(Supplied data Opens)
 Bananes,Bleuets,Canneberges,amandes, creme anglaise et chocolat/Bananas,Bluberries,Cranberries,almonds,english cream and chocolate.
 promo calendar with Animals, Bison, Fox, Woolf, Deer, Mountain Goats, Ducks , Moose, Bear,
(Supplied data Closes)
(Supplied data Opens)
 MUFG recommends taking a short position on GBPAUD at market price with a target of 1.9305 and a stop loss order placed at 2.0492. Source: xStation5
(Supplied data Closes)
Check each line of the data above, and please copy the ones in which the string "with" occurs.

→ **Written response**:
 promo calendar with Animals, Bison, Fox, Woolf, Deer, Mountain Goats, Ducks , Moose, Bear,
 MUFG recommends taking a short position on GBPAUD at market price with a target of 1.9305 and a stop loss order placed at 2.0492. Source: xStation5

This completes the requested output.